• _Work to complete_: Only the lines from the beginning of the entries through the one with "NOTICIAS 18/02/2013Intercambio académico" should be written out, please, exactly and without any pictures.

• _Supplied data_:

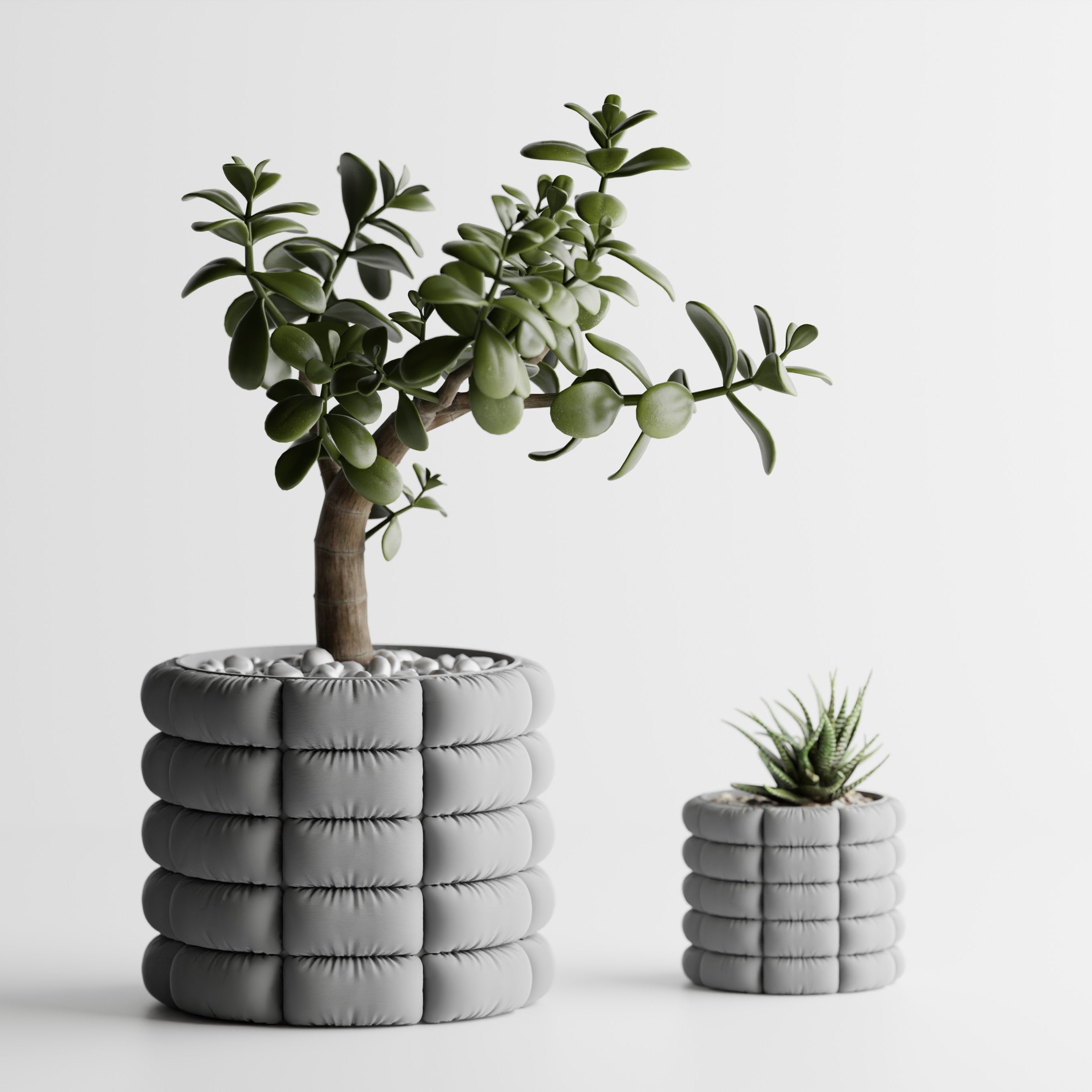 Weicher „Puffer“-Look, klare Form: Dieser Pflanztopf setzt mit seinen ringförmig gepolsterten Segmenten ein modernes Statement – minimalistisch, wohnlich und zeitlos. Außenkörper im 3D-Druck aus PLA (pflanzenbasiert), innen mit passgenauem Einsatz für echte Alltagstauglichkeit.
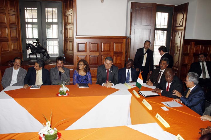 NOTICIAS 18/02/2013Intercambio académico y cultural con Costa de MarfilCon el objetivo de concretar un intercambio académico que favorezca el impulso binacional de la ciencia, el arte, el desarrollo social y agropecuario, el rector de la Universidad Michoacana de San Nicolás de Hidalgo (UMSNH), Salvador Jara Guerrero, se reunió con el embajador en México de Costa de Marfil, Marcellin Obou Abie.
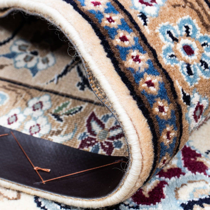Dieser fein von Hand geknüpfte Nain 9La passt sich perfekt in Ihrem Zuhause an. Er besteht aus Korkwolle und feinster Seide, wodurch er sich besonders weich unter den Füßen anfühlt und durch seinen Glanz eine luxuriöse Atmosphäre schafft. Der Perserteppich – Nain – Royal gehört zu der hohen Qualitätsstufe 3 mit circa 250.000 bis 360.000 Knoten pro Quadratmeter. Das heißt, dass er sehr dicht ist und so eine Langlebigkeit garantiert. Egal, welchen Einrichtungsstil sie bei sich im Haus bevorzugen – mit einem Nain Teppich treffen Sie immer die richtige Wahl.
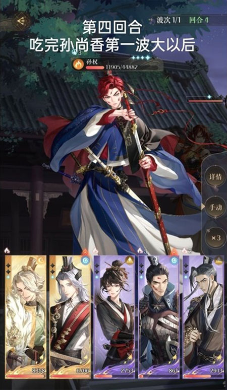 第四五回合:在孫尚香第二個大之前秒掉孫權,可以抗一波孫權的大(隨機失去一個隊友),這個時候我們可能還剩四個人。
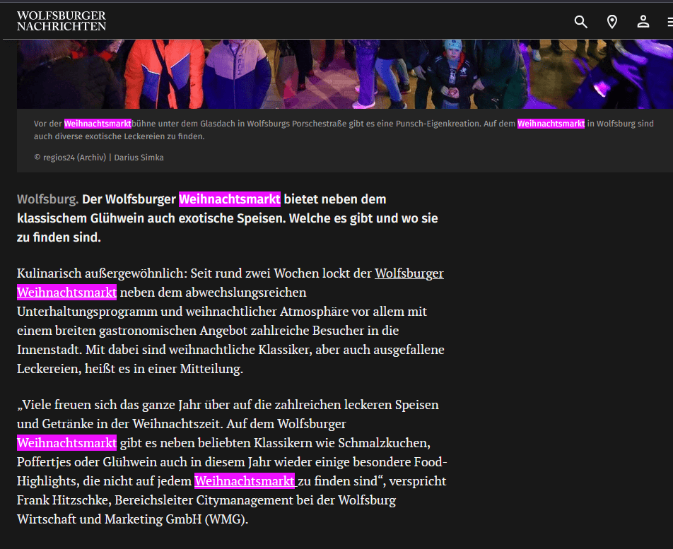 Um es kurz zu machen: Der Wolfsburger Weihnachtsmarkt heißt Weihnachtsmarkt. Diese Selbstverständlichkeit muss ich aussprechen, weil man dich darüber belügen will. Ja, auch im Jahr 2024 versuchen Rechte dich immer noch plump für dumm zu verkaufen. Wenn man einfach nur „Weihnachtsmarkt Wolfsburg“ googelt, ist alles voll mit Erwähnungen vom „Wolfsburger Weihnachtsmarkt“. Ein Artikel der Wolfsburger Nachrichten über „Food-Highlights“ auf dem Wolfsburger WEIHNACHTSMARKT ist voll mit dem Begriff WEIHNACHTSMARKT. Und wir auch so offiziell von einem Vertreter der Stadt bezeichnet. Ich habe das Wort „Weihnachtsmarkt“ für etwa der Recherche unfähigen „Journalisten“ markiert:
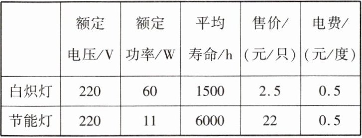 17. 现在市场上有一种“220 V 11 W”的节能灯,它的发光效果与“220 V 60 W”的普通白炽灯相当。下表是这两种灯的有关参数:
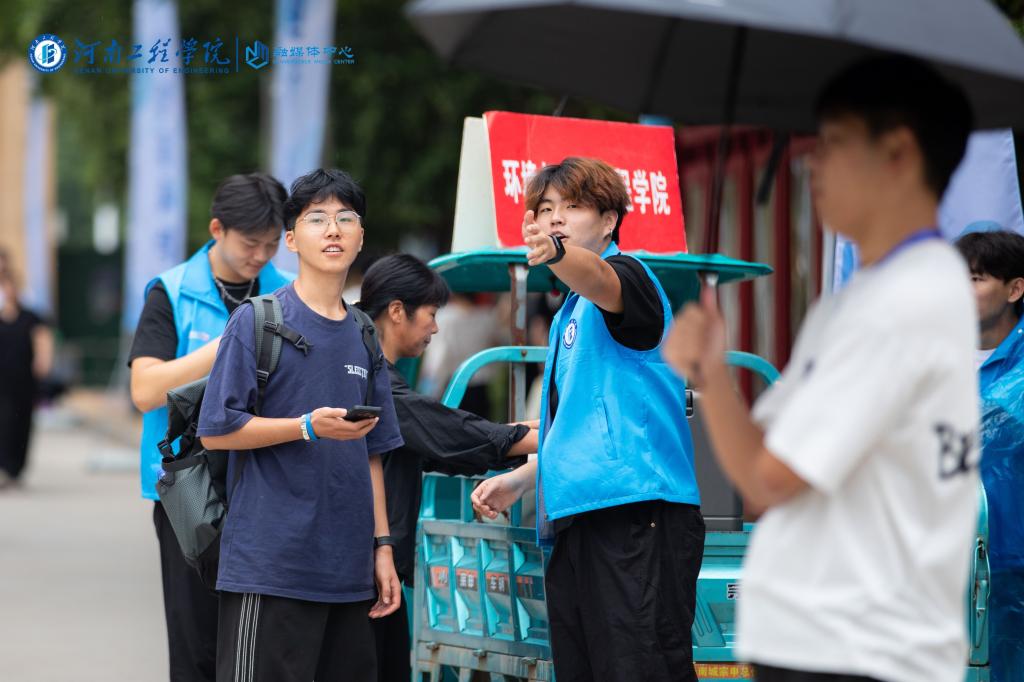 众多师生志愿者穿梭在校园各个角落,协助搬运行李、指引路线、答疑解惑,他们热情周到、耐心细致的服务成为迎新工作中最动人的风景线。

• _The completed task_:
 Weicher „Puffer“-Look, klare Form: Dieser Pflanztopf setzt mit seinen ringförmig gepolsterten Segmenten ein modernes Statement – minimalistisch, wohnlich und zeitlos. Außenkörper im 3D-Druck aus PLA (pflanzenbasiert), innen mit passgenauem Einsatz für echte Alltagstauglichkeit.
 NOTICIAS 18/02/2013Intercambio académico y cultural con Costa de MarfilCon el objetivo de concretar un intercambio académico que favorezca el impulso binacional de la ciencia, el arte, el desarrollo social y agropecuario, el rector de la Universidad Michoacana de San Nicolás de Hidalgo (UMSNH), Salvador Jara Guerrero, se reunió con el embajador en México de Costa de Marfil, Marcellin Obou Abie.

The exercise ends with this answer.